そして鴨がいた。鴨の存在が、僕にとってこの水庭の印象を強くした。

鴨は、僕たちが近づくとそれとなく離れていく。人馴れしていない。遠くから、鴨の様子を見ていた。この水庭には大小様々な、いわば水たまりがある。鴨はそんなとき、水たまりと水たまりの間は、歩いて移動した。そして、ある水たまりを飛び越えて、向こうの水たまりに行くということはしないのだった。ときおり水のなかに顔を入れたりしながら、地面ではしきりに何かをついばみながら、鴨は僕らから、できるだけ離れていくように、水たまりに入り、ペタペタと陸に上がって、また別の水たまりに移っていった。

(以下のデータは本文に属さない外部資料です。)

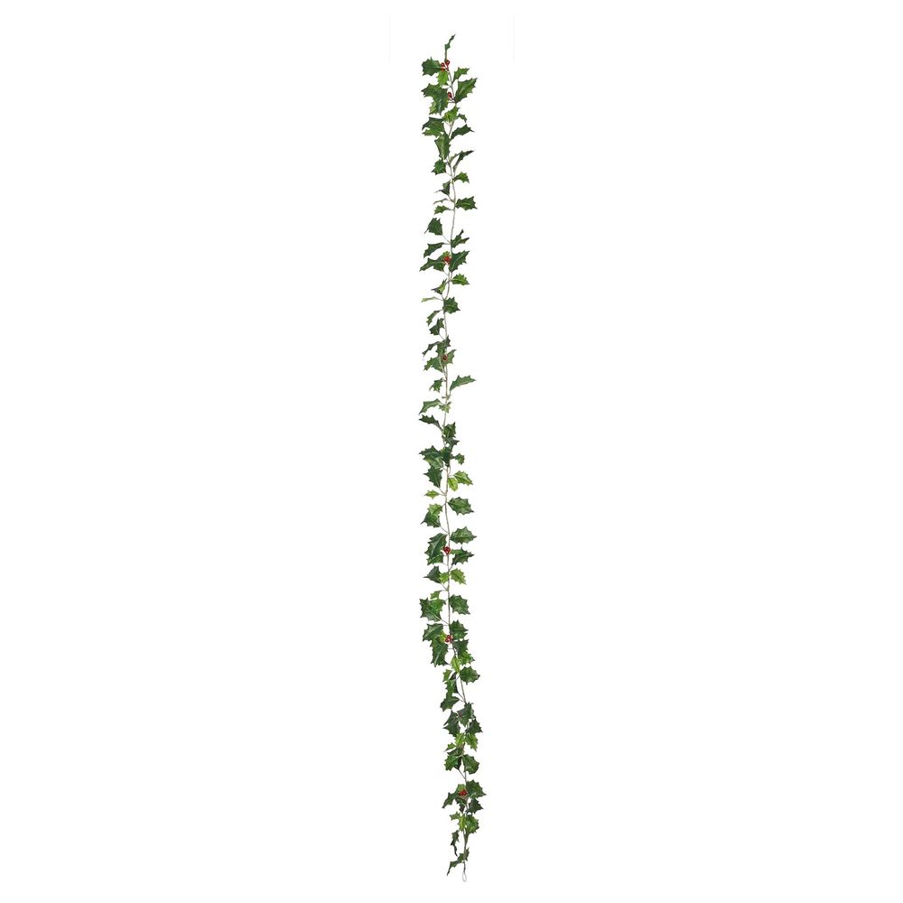 180cm Mixed Green Holly Garland with Berries (128 leaves)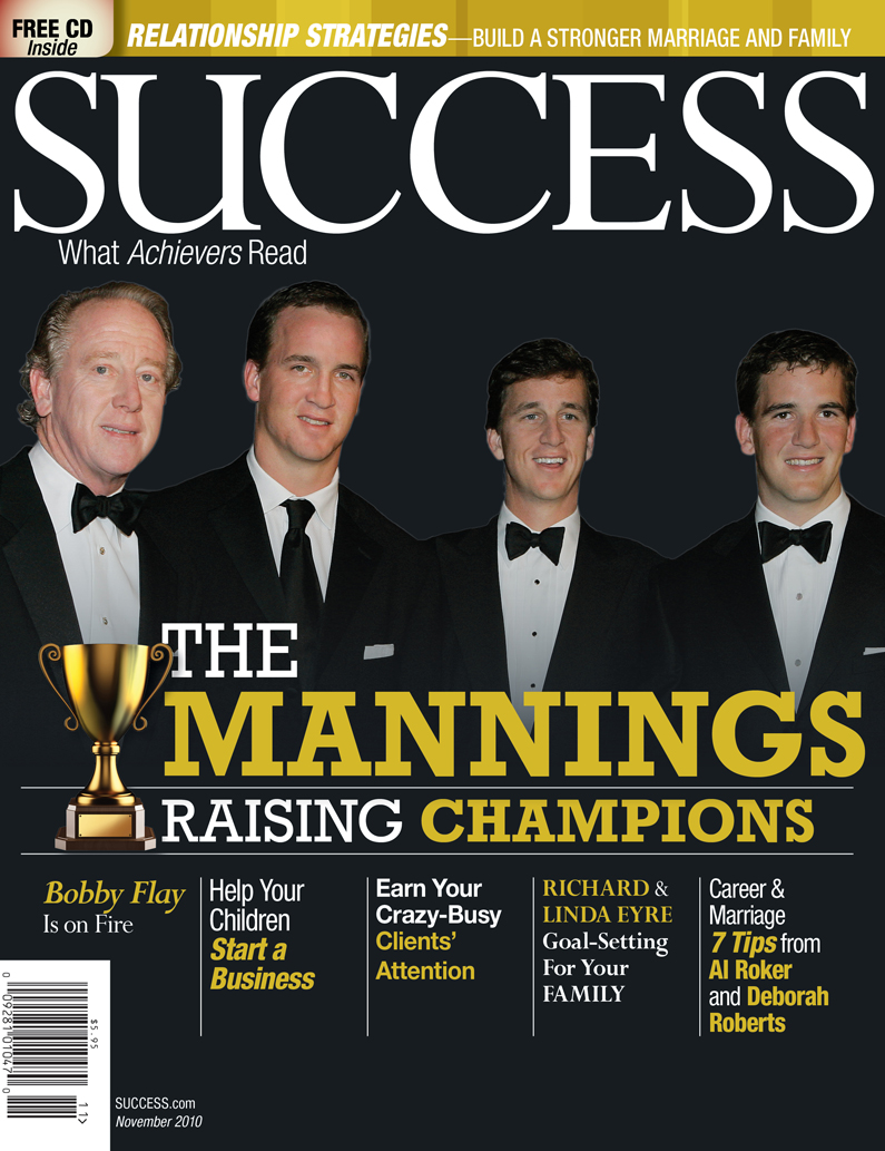The November 2010 issue of SUCCESS magazine is all about successful relationships with a cover feature on the Manning family, America’s first family of football. Discover how Archie and Olivia Manning raised a family of champions, including NFL quarterbacks Peyton and Eli and business executive Cooper, in an environment in which football didn’t make the short list of family values.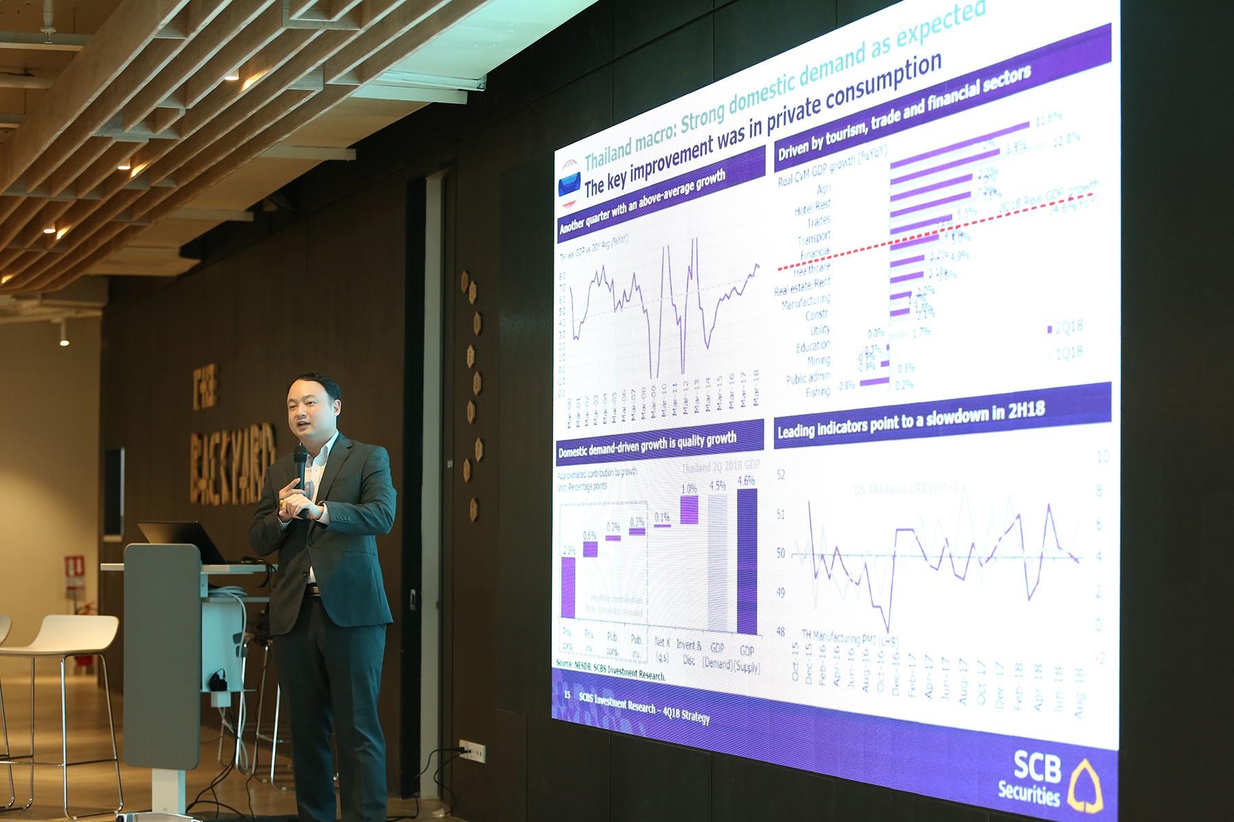 ทั้งนี้ SCBS คาดว่า SET อาจมีการพักฐานตามปัจจัยเสี่ยงภายนอกประเทศ แต่จะปรับตัวขึ้นได้ตามปัจจัยพื้นฐานในประเทศซึ่งดีต่อเนื่องไปในปี 2562 โดยมองหุ้นกลุ่มที่ได้ประโยชน์จากอัตราการใช้กำลังการผลิตที่เริ่มตึงตัวซึ่งนำไปสู่การลงทุนภาคเอกชนและเม็ดเงินลงทุนโดยตรงจากต่างประเทศ (FDI) จะให้ผลตอบแทนที่ดีตามปัจจัยพื้นฐาน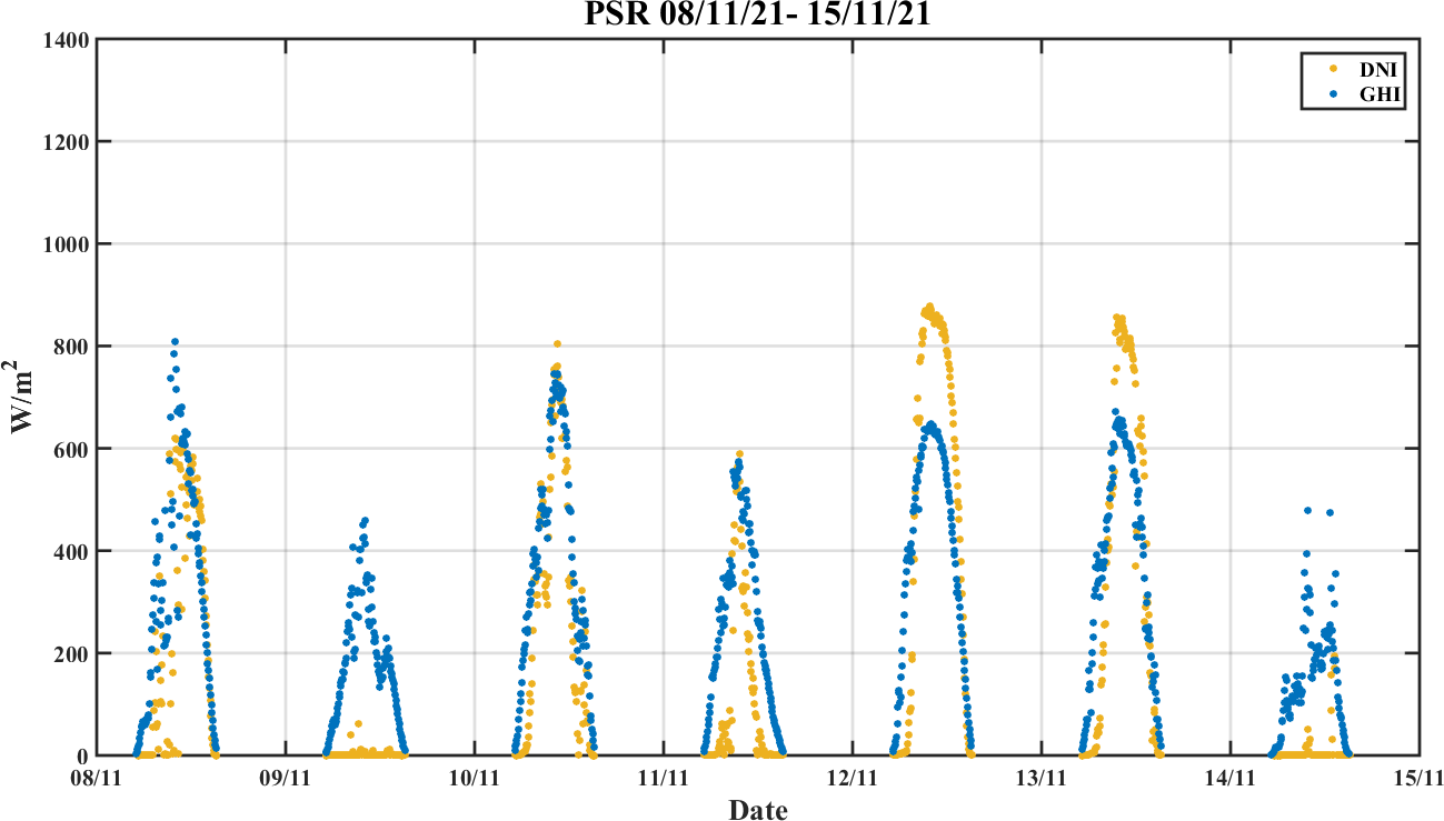 Weekly DNI & GHI timeseries from 08/11/2021 to 15/11/2021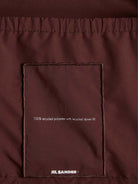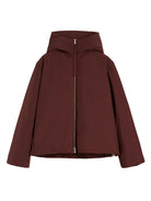 Stay warm and stylish in this chocolate brown, zip-front down jacket.

決して素早くないその動きが、なんだか滑稽に見えた。

 

長谷川眞理子氏の「進化とはなんだろうか」という学生向けの生物学の本に、鳥が場所を移動すること、例えば歩いて餌をさがすこと、飛んで場所を変えること、の中にも行動の最適化があるのだということを紹介している箇所があった。そのことを思い出した。

 

適応とは、生き物の形や行動が、その暮らし方に非常にうまくあっていることをさします。これは、ちょっと漠然とした言い方ですが、場合によっては、どんなことをするのが一番都合がよいかを計算することができます。これは、最適化の理論と呼ばれています。

長谷川眞理子『進化とはなんだろうか』岩波ジュニア新書 129項)

 

その水庭にいた鴨たちも、最適な行動を行っていたのだろう。そして、その姿が可愛らしくも、珍しいような気がするのは、やはりこの水庭が、自然ではない姿であるからに他ならない。

 

こんな風景は自然の中には存在しない。

だから、少しでも人が手を緩めると崩壊してしまうフィクションであり、その蜻蛉のような儚さが人を引き付ける。

石上純也 入館時にもらえる小冊子 20項「平成30年度芸術選奨 贈賞理由一覧」より抜粋 から)


この水庭を設計した石上氏の狙いの中でも、この水庭は不自然なものである。一見すれば、緑豊かな自然ではあるけれど、だからこそ一層、その不自然さは強調されているように思えてくる。その中に、そんなことは御構い無しな鴨たちが、悠々としている。鴨たちは、鴨たちの行動の最適化を行って、この水庭を見つけて生活をしていた。何気ないことなんだけど、その鴨たちの行動を、その強さを、面白く見ていた。